_Work request:_
The listing below must be returned in full and unchanged, without the images it carries.
[Source data Boundary: Start]
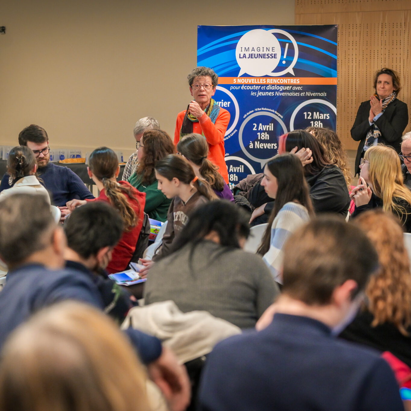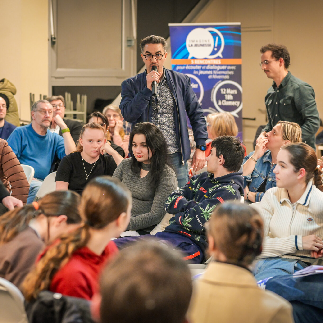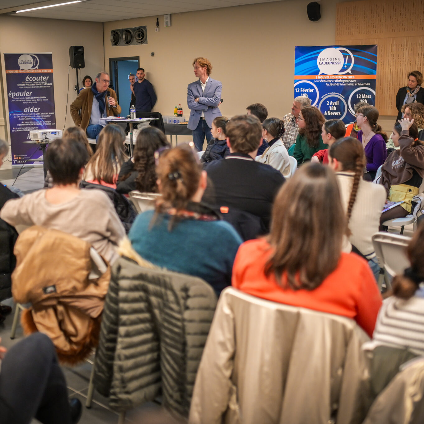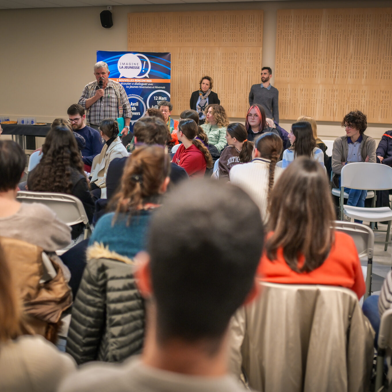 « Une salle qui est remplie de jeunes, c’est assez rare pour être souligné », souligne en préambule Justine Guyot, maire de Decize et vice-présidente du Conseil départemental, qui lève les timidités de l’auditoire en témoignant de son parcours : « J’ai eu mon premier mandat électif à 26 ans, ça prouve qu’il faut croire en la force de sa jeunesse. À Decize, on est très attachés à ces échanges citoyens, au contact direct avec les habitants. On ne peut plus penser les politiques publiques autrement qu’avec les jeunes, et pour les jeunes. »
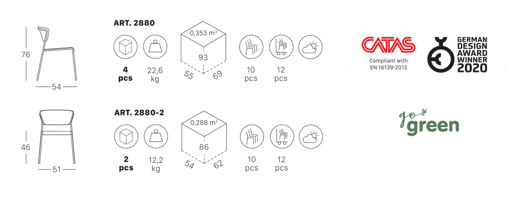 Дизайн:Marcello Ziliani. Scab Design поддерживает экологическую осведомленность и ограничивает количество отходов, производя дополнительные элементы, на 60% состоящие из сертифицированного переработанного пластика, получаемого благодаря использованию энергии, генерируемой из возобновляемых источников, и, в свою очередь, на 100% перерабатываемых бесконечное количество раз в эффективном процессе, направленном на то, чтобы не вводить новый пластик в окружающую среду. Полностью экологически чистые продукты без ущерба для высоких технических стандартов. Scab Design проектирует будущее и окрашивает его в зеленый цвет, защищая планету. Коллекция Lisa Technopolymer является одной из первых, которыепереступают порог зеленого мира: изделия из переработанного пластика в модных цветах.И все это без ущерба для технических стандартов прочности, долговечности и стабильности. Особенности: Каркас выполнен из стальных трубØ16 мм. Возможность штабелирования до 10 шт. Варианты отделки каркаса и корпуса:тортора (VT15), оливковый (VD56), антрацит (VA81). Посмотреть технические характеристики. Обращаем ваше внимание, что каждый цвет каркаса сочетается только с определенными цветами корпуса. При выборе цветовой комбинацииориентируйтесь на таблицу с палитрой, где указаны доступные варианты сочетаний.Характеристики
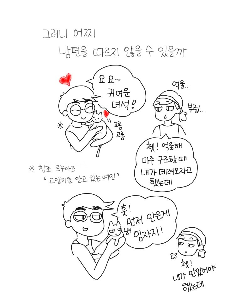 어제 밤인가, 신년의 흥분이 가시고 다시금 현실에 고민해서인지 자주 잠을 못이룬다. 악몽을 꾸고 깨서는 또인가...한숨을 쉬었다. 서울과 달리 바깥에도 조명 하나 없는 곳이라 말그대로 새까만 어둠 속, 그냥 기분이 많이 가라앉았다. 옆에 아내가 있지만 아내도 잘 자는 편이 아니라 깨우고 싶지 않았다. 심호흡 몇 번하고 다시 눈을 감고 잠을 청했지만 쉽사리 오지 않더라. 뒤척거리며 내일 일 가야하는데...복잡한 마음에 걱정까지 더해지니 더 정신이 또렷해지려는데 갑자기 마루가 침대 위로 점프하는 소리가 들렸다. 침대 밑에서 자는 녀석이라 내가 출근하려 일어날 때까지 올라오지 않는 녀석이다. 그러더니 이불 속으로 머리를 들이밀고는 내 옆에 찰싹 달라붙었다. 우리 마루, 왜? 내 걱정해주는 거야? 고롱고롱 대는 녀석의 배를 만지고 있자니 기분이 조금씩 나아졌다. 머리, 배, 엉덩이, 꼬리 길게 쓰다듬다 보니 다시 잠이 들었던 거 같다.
[Source data Boundary: End]
_Finished task:_
 « Une salle qui est remplie de jeunes, c’est assez rare pour être souligné », souligne en préambule Justine Guyot, maire de Decize et vice-présidente du Conseil départemental, qui lève les timidités de l’auditoire en témoignant de son parcours : « J’ai eu mon premier mandat électif à 26 ans, ça prouve qu’il faut croire en la force de sa jeunesse. À Decize, on est très attachés à ces échanges citoyens, au contact direct avec les habitants. On ne peut plus penser les politiques publiques autrement qu’avec les jeunes, et pour les jeunes. »
 Дизайн:Marcello Ziliani. Scab Design поддерживает экологическую осведомленность и ограничивает количество отходов, производя дополнительные элементы, на 60% состоящие из сертифицированного переработанного пластика, получаемого благодаря использованию энергии, генерируемой из возобновляемых источников, и, в свою очередь, на 100% перерабатываемых бесконечное количество раз в эффективном процессе, направленном на то, чтобы не вводить новый пластик в окружающую среду. Полностью экологически чистые продукты без ущерба для высоких технических стандартов. Scab Design проектирует будущее и окрашивает его в зеленый цвет, защищая планету. Коллекция Lisa Technopolymer является одной из первых, которыепереступают порог зеленого мира: изделия из переработанного пластика в модных цветах.И все это без ущерба для технических стандартов прочности, долговечности и стабильности. Особенности: Каркас выполнен из стальных трубØ16 мм. Возможность штабелирования до 10 шт. Варианты отделки каркаса и корпуса:тортора (VT15), оливковый (VD56), антрацит (VA81). Посмотреть технические характеристики. Обращаем ваше внимание, что каждый цвет каркаса сочетается только с определенными цветами корпуса. При выборе цветовой комбинацииориентируйтесь на таблицу с палитрой, где указаны доступные варианты сочетаний.Характеристики
 어제 밤인가, 신년의 흥분이 가시고 다시금 현실에 고민해서인지 자주 잠을 못이룬다. 악몽을 꾸고 깨서는 또인가...한숨을 쉬었다. 서울과 달리 바깥에도 조명 하나 없는 곳이라 말그대로 새까만 어둠 속, 그냥 기분이 많이 가라앉았다. 옆에 아내가 있지만 아내도 잘 자는 편이 아니라 깨우고 싶지 않았다. 심호흡 몇 번하고 다시 눈을 감고 잠을 청했지만 쉽사리 오지 않더라. 뒤척거리며 내일 일 가야하는데...복잡한 마음에 걱정까지 더해지니 더 정신이 또렷해지려는데 갑자기 마루가 침대 위로 점프하는 소리가 들렸다. 침대 밑에서 자는 녀석이라 내가 출근하려 일어날 때까지 올라오지 않는 녀석이다. 그러더니 이불 속으로 머리를 들이밀고는 내 옆에 찰싹 달라붙었다. 우리 마루, 왜? 내 걱정해주는 거야? 고롱고롱 대는 녀석의 배를 만지고 있자니 기분이 조금씩 나아졌다. 머리, 배, 엉덩이, 꼬리 길게 쓰다듬다 보니 다시 잠이 들었던 거 같다.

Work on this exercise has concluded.